-- TASK GOAL --
Starting with the line with "Available in Natural" in the entries below and going on through the line with "- Сделать из", output every line exactly and nothing more. No pictures.

-- AVAILABLE DATA --
····················

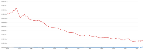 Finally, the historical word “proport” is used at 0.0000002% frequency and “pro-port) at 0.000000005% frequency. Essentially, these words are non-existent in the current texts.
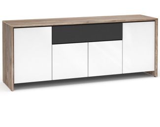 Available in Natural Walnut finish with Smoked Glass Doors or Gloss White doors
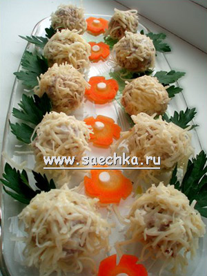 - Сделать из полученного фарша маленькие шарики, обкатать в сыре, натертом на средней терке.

····················

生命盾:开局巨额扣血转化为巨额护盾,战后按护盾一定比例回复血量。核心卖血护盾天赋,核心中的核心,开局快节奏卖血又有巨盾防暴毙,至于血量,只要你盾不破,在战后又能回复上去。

····················

-- YOUR SOLUTION --
 Available in Natural Walnut finish with Smoked Glass Doors or Gloss White doors
 - Сделать из полученного фарша маленькие шарики, обкатать в сыре, натертом на средней терке.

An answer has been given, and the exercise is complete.